Of course, this is fed as a side dish to kibble.


----------



## Lilysmommy (Jan 7, 2009)

I second Immortalia's suggestion - I used to create big mixes of baby foods for Lily and freeze them into ice cube trays. She got about a tablespoon to a tablespoon and a half each night with her kibble, and she loved it. The mixes were a jar of meat with 3-4 veggies and one or two fruits mixed in. As long as there was a meat in there, she'd eat any combination of veggies and fruit, though I never did find a veggie that she'd eat fresh or cooked - though I admit I didn't really try very hard, since my family doesn't eat a lot of veggies, and I didn't want a lot of leftovers thrown away if she didn't like something. That's why I liked baby food so much.

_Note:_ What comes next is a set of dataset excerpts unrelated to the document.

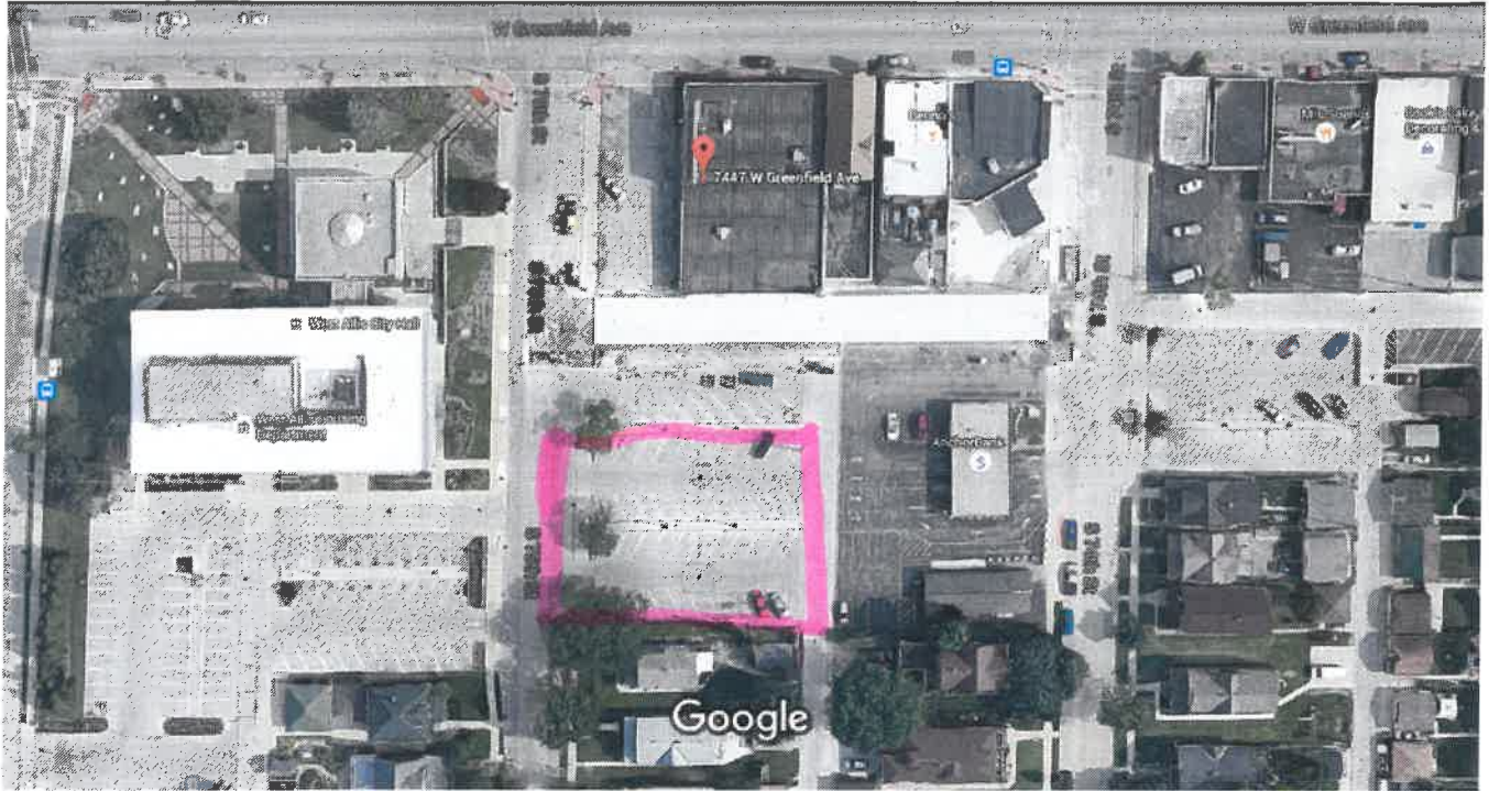
Imagery ©2016 Google, Map data ©2016 Google 50 ft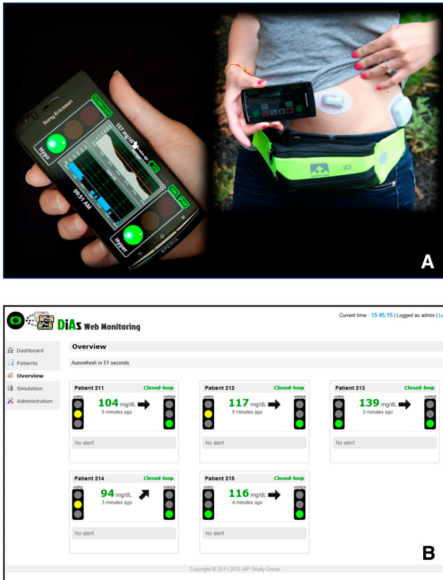
Figure 2 —A: Photos of the DiAs smart phone displaying CGM and insulin delivery traces (left) and the entire system worn by a study subject (right). B: Screenshot of the remote monitoring system operation during the trials at Sansum. Each of the five subjects participating simultaneously in these trials is represented by an icon on the computer screen. HYPO, hypoglycemia; HYPER, hyperglycemia.

by yellow hypoglycemia lights. There were no error messages. Each icon can be clicked during a monitoring session, which will display more detailed information for this subject, including detailed records of insulin delivery, glucose data, and the algorithm functions. Throughout the study, observation of the participants was performed mainly through the remote monitoring system, which proved to be a useful tool.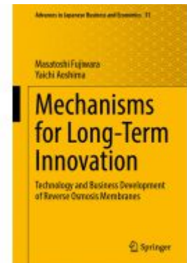
Mechanisms for Long-Term Innovation Ladenpreis: 175,99EUR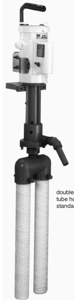
double filter tube holder standard

Models SSF 15 & SSF 20 for filtration to 2,000 GPH (7,590 LPH)

And I completely agree with you about Mazuri insectivore diet, Gail - I looked it up and it has BHA and Ethoxyquin, both on the red-flag NO list.


----------



## RondackHiker (Jan 21, 2013)

I'm loving the baby food idea. I'm really worried about getting Knarla on a great diet. She had two years of the "never feed!" hedgie food and I know it likely has taken a toll on her. I want to give her a shot at a long life with a good food from here on out. But she won't eat veggies and the only fruit she's eaten is bananas. This sounds like a great way to into more into her. I'm also going to try feeding crickets and mealies some yummy stuff and see how that goes.


----------